Une sculpture métallique représentant un graphique boursier, dans la salle de réception de la Bourse d’Athènes. | REUTERS / YORGOS KARAHALIS

En ce mois de juin, les marchés financiers ne manquent pas de raisons de s’inquiéter de l’actualité politique. Le référendum britannique, la crise migratoire en Europe ou l’ascension inattendue de Donald Trump dans l’opinion publique américaine ont en effet de quoi effrayer.

Certes, comme aux échecs, la menace est souvent plus forte que l’exécution. Quand les risques sont clairement identifiés, fussent-ils très réels, les investisseurs ont eu le temps de s’y préparer. Les cygnes noirs sont dangereux principalement parce que… ils sont noirs, c’est-à-dire suffisamment rares pour être imprévisibles.

Mais, en ce sens, il est justement correct de se méfier de la possibilité de sortie du Royaume-Uni de l’Union européenne. Car il s’agirait d’un événement sans précédent, dont les ramifications restent à analyser et à quantifier. De même, l’élection aux Etats-Unis d’un président ouvertement protectionniste et outrancier serait une première, dont les conséquences sont très difficiles à évaluer.

Toutefois, cette fascination des médias et des investisseurs pour l’agenda politique des prochains mois détourne leur attention de la matière économique. Or, pour paraphraser ce qui devint le slogan de la campagne victorieuse de Bill Clinton à l’élection présidentielle états-unienne de 1992 : ne nous y trompons pas, l’essentiel demeure la réalité économique.

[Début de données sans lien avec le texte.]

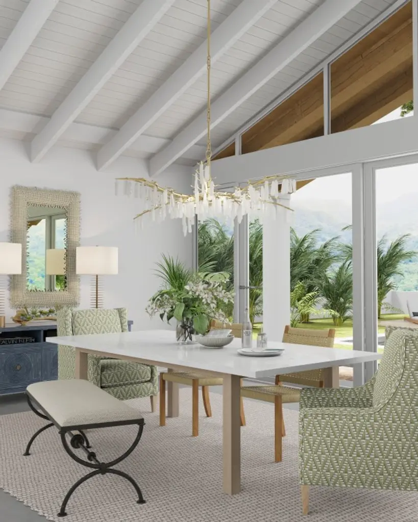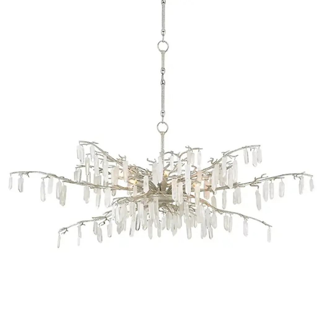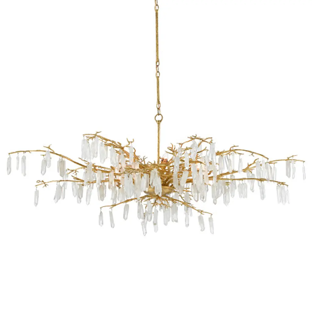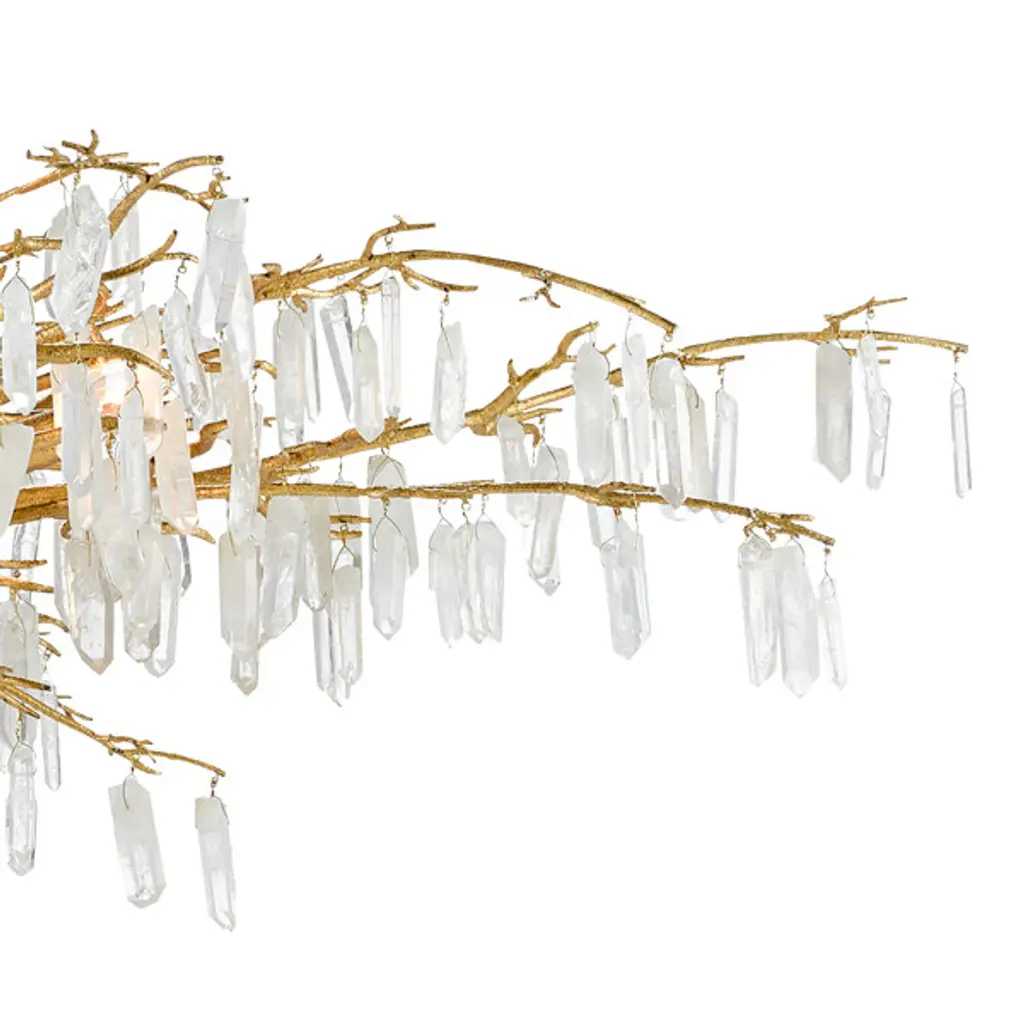 The Forest Dawn Chandelier is a truly exceptional work of art dripping with natural crystals. The beautiful washed Lucerne gold finish is a perfect complement to the quartz, the combination of which lends this gold chandelier a formal look. This crystal chandelier is in the Aviva Stanoff Collection. Adjustable from 35.5" to 71.5" with use of included chain/rod kit/cable.
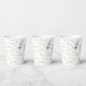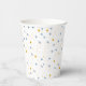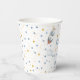 Outer space or first trip around the sun first birthday paper cup featuring a sun, moon, stars, spaceship and astronaut in an orange and grey blue color.
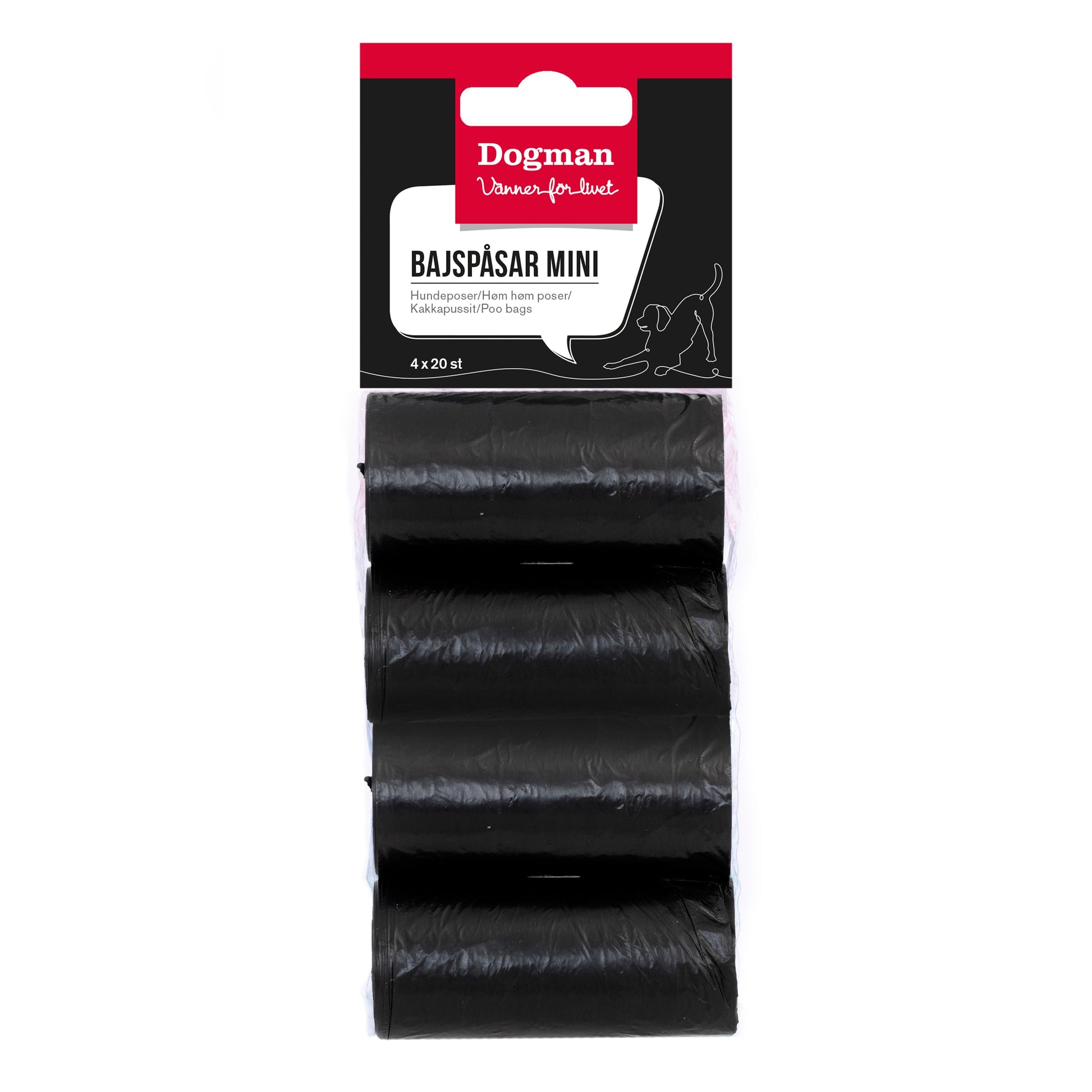 Svarta bajspåsar av tunn men samtidigt hållbar kvalitet. Perfekta att ha med sig i fickan eller i bajspåsehållarna av mjuk silikon. Utan handtag. Kommer i 4x20-pack. 22x32cm. .
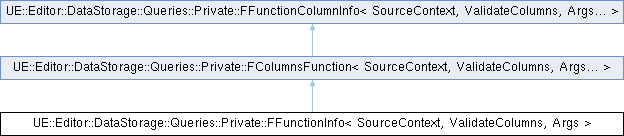 Inheritance diagram for UE::Editor::DataStorage::Queries::Private::FFunctionInfo< SourceContext, ValidateColumns, Args >:Public Types | |
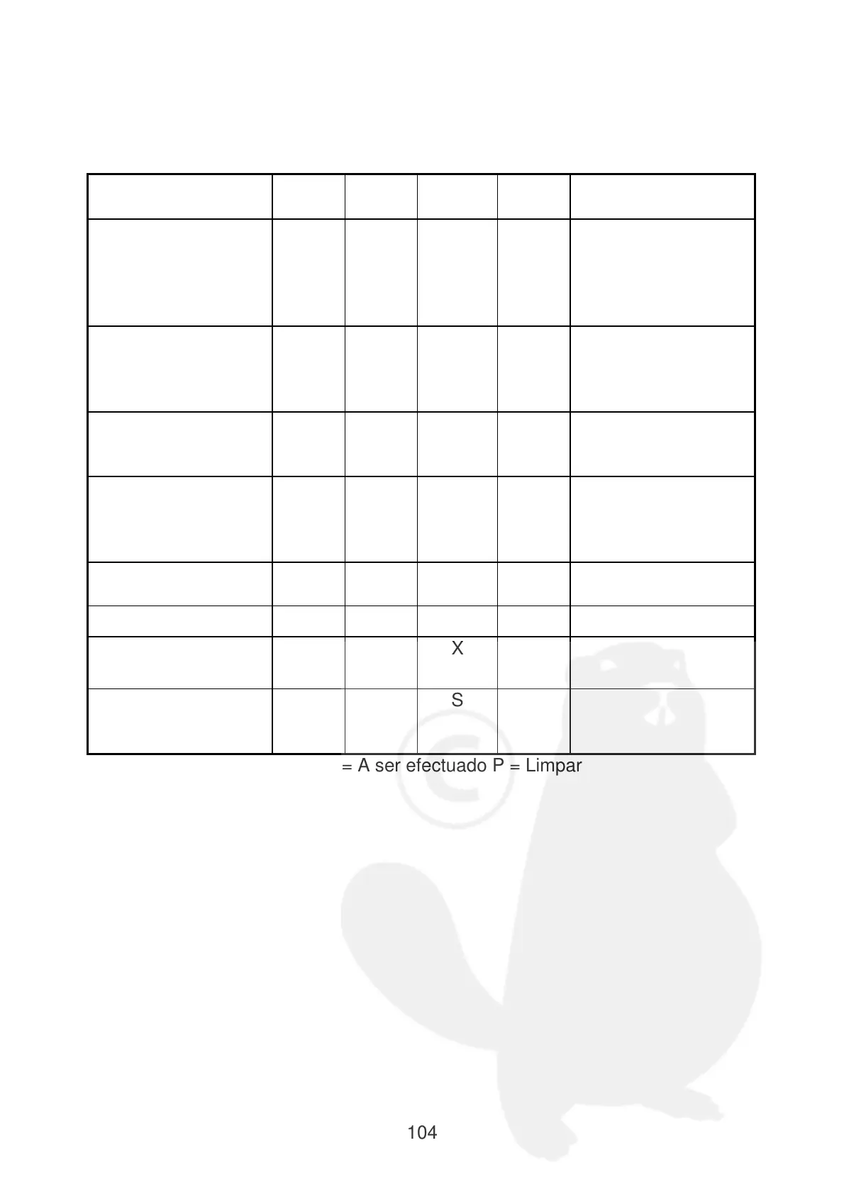V = Verificar, S = Substituir X = A ser efectuado P = Limpar
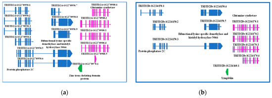 Detailed representation of genes located upstream GS2-2A (a) and GS-2B (b) genes, their structures, function, and eventual splicing isoforms.
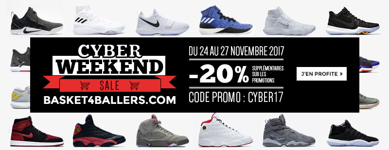 Kobe AD, Kyrie 3, Lebron 14, Crazy Explosive 2017, Harden Vol. 1, Air Jordan 1, 13 et bien d’autres à des tarifs exceptionnels durant le Cyber Weekend Basket4Ballers. Foncez !
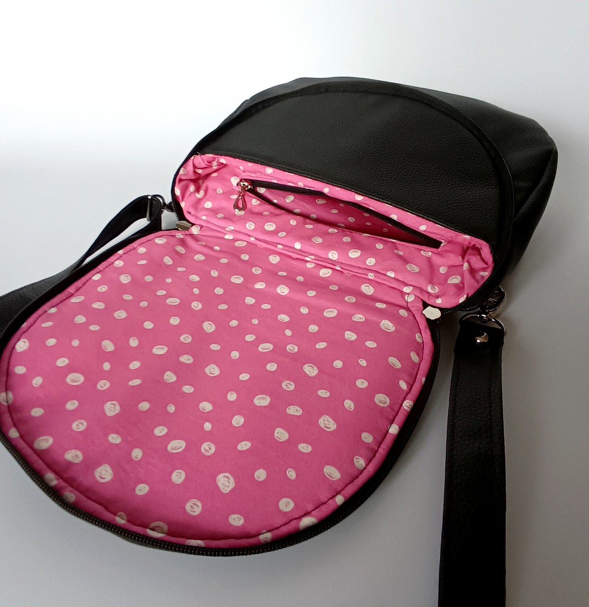 Kabelka je vyztužená pěnou. Uvnitř bavlněná podšívka s kapsičkou na zip.
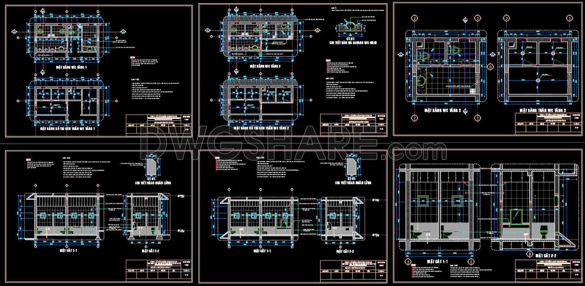 424. Free download of CAD technical drawings for the construction of bathrooms in townhouses
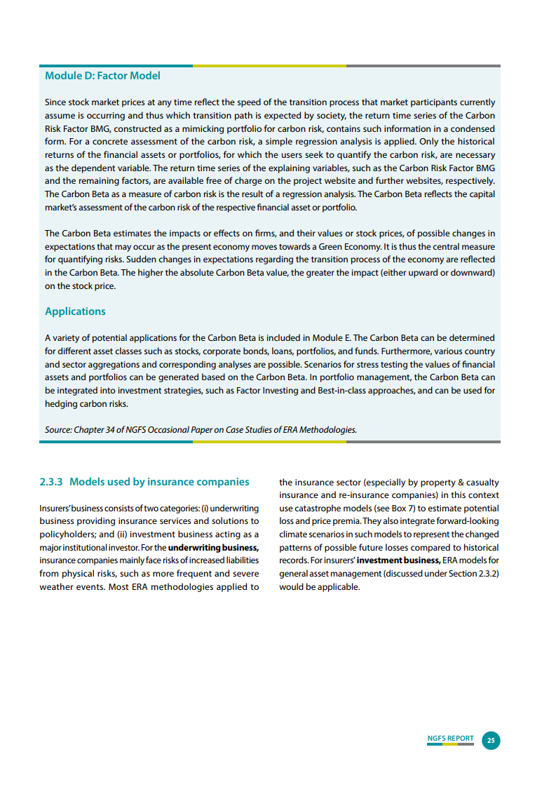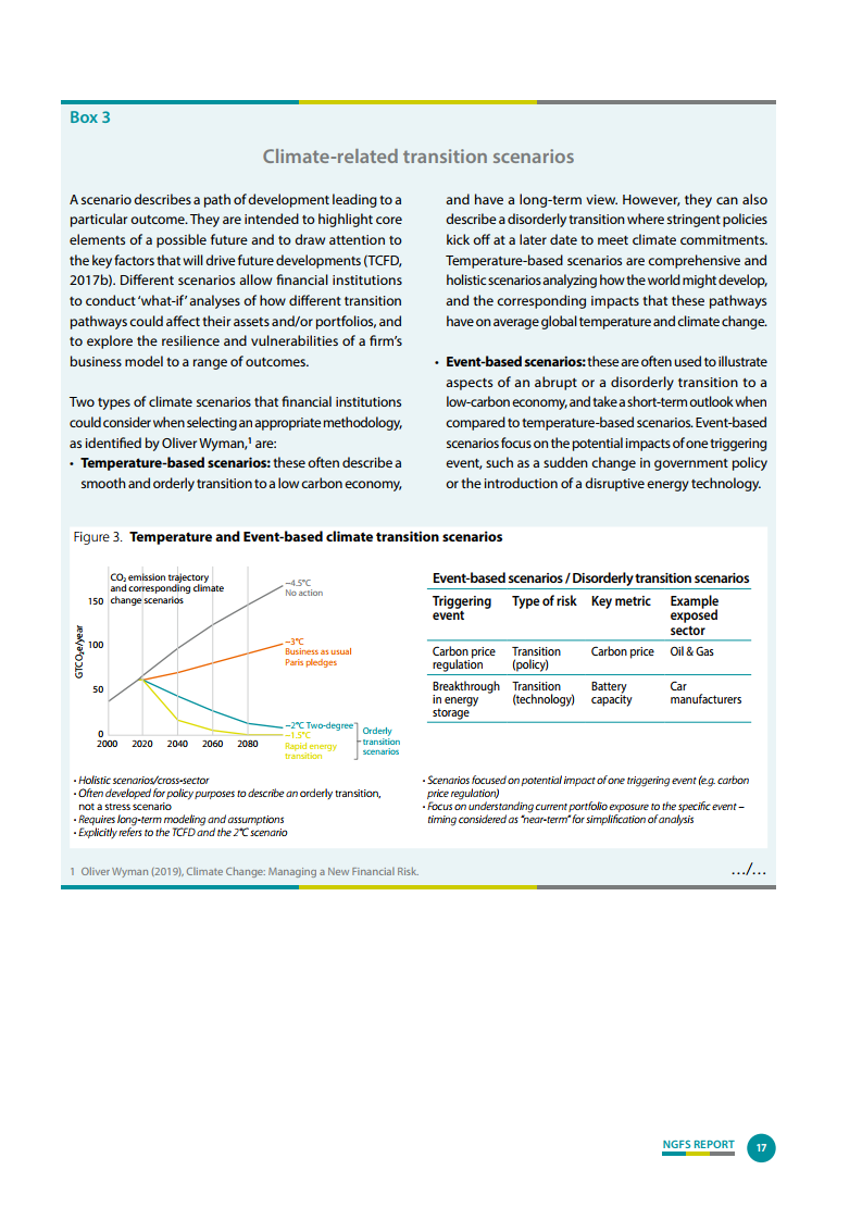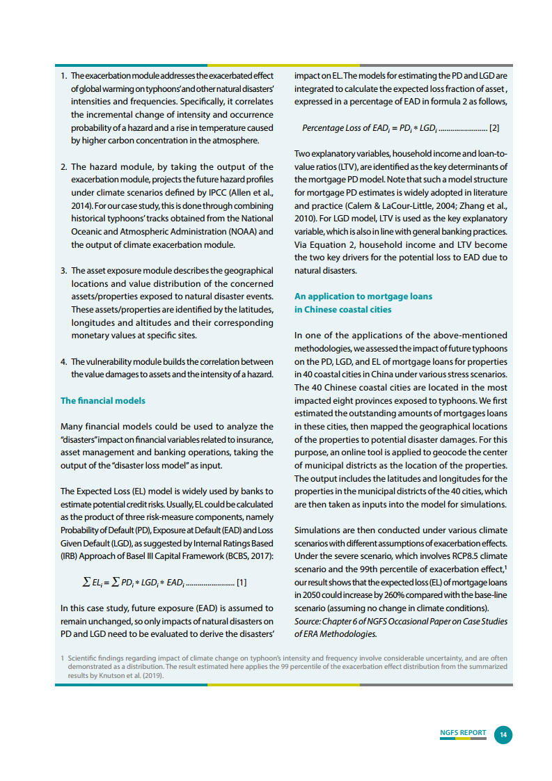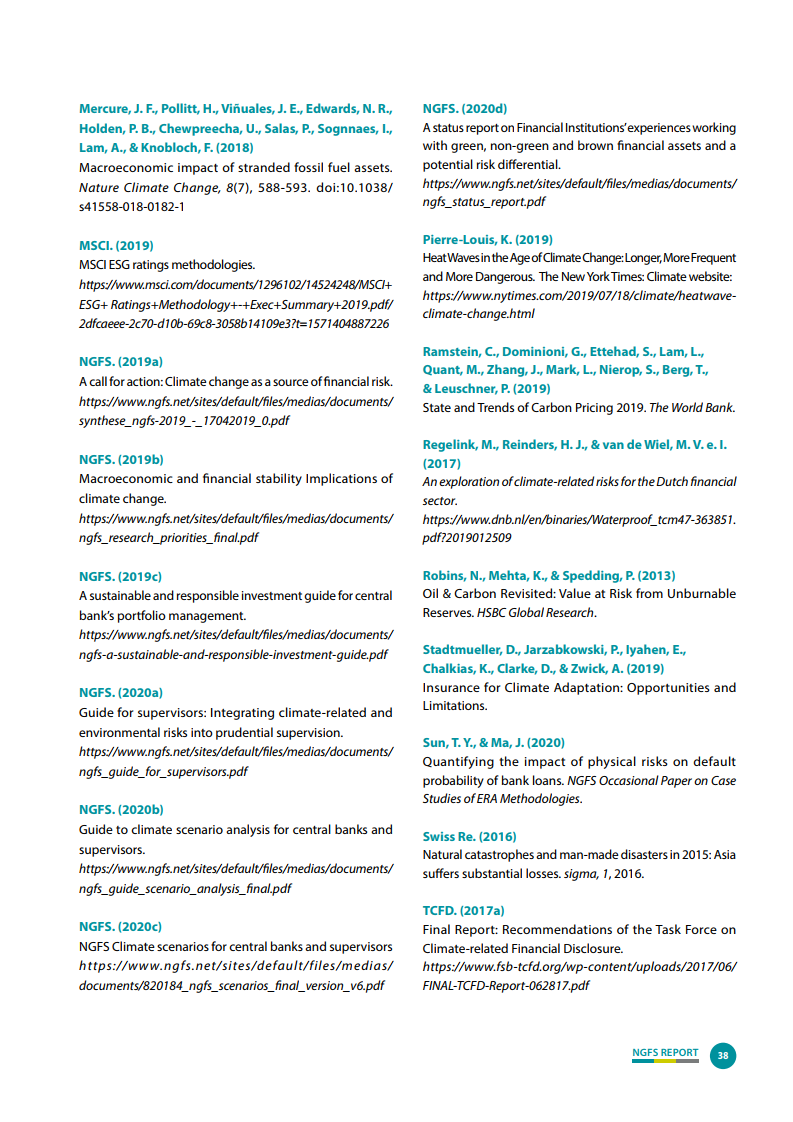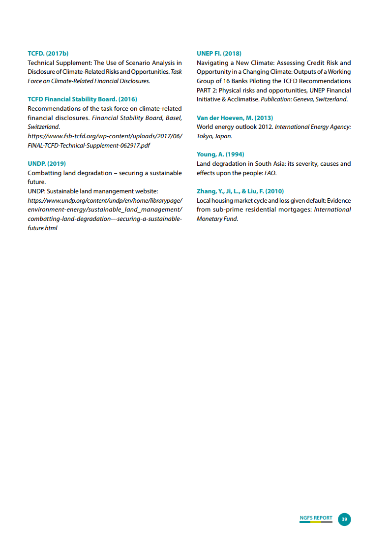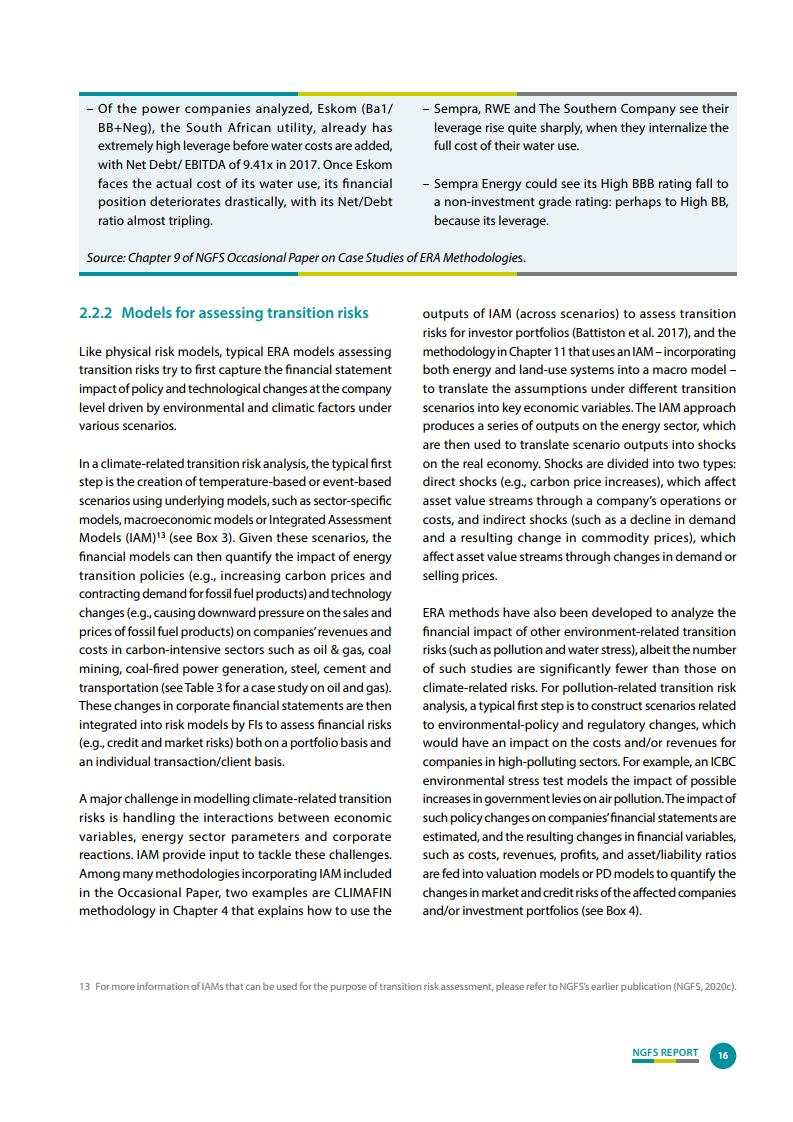 支持示范项目:NGFS、国际组织、央行和其他监管机构可以考虑对重点行业或重点地区的示范研究项目进行扶持,这些项目可针对银行业、资管业和保险业金融机构,并覆盖对环境和气候因素有重大风险敞口的地区和产业。

Déni de la grande transition

Celle-ci devient très préoccupante. Pas seulement en Europe et au Japon, où les pouvoirs publics se débattent toujours laborieusement avec des pressions déflationnistes ; pas seulement non plus en Chine, où la stabilisation récente de l’activité économique s’effectue au prix d’une aggravation du risque bancaire ; mais aussi aux Etats-Unis. Car, dans la première économie du monde, la résilience des marchés d’actions demeure dans le déni de la grande transition qu’est en train d’opérer la capacité bénéficiaire des entreprises.

En effet, celle-ci avait reçu, depuis 2009, l’extraordinaire soutient de la banque centrale américaine, la Fed. Certes les chiffres d’affaires peinaient à progresser, mais les marges des entreprises étaient très largement soutenues par le maintien du coût du travail proche du niveau, en fort retrait, atteint en 2009-2010, soutenues également par la baisse continue de la charge d’intérêts, et par la baisse du coût de l’énergie.

Pour les investisseurs, l’augmentation des marges était même renforcée par l’effet de gigantesques programmes de rachat d’actions, qui gonflaient les résultats par action. Cette période dorée pour les investisseurs touche malheureusement à sa fin. Les résultats des entreprises américaines ont commencé à baisser (même hors secteur pétrolier, les résultats opérationnels étaient en baisse au premier trimestre de cette année), car les marges sont désormais en contraction, sous l’effet des premières pressions salariales, et de la fin de la décrue des prix du pétrole.

Le traitement de la crise financière a fragilisé l’économie

Ce phénomène est même susceptible d’être aggravé à brève échéance dans le cas où la Fed, conformément à ses intentions, poursuivrait sa politique de resserrement monétaire. Car cette orientation aurait pour effet de commencer à alourdir la charge d’intérêts, voire de renchérir le dollar, outil ultime de compétitivité.

Mais le problème n’est pas tant de court terme que fondamental. Les années d’argent gratuit, ou presque, assurées par les banques centrales ont eu au moins deux effets pervers. Le premier a été d’encourager l’endettement. Ce dernier atteint aujourd’hui des niveaux globalement bien supérieurs qu’avant la crise de 2008. Aux Etats-Unis seulement, le crédit à la consommation dépasse aujourd’hui 1 000 milliards de dollars, à son plus haut niveau historique et constitué en bonne partie de crédit « subprime » (un terme technique, mais que tout le monde connaît parfaitement aujourd’hui).

Cet endettement est donc à l’origine d’une fragilité considérable des consommateurs et des entreprises dans le cas d’un ralentissement de la croissance et des revenus disponibles. Or, le second effet pervers de l’argent gratuit a justement été de financer de l’« engineering financier » (dont le rachat d’actions) plutôt que de l’investissement productif. Ce défaut d’investissement est en grande partie responsable du déclin de la productivité aux Etats-Unis (le phénomène est global néanmoins) et donc de l’affaiblissement du potentiel de croissance à moyen terme.

Le traitement de la crise financière a donc fondamentalement fragilisé l’économie. Dans les prochaines semaines, c’est probablement la possibilité du choix politique d’un « Brexit » qui va être source de stress pour les investisseurs. Mais le risque est bien plus global, et il est avant tout économique.

Didier Saint-Georges, membre du comité d’investissement de Carmignac.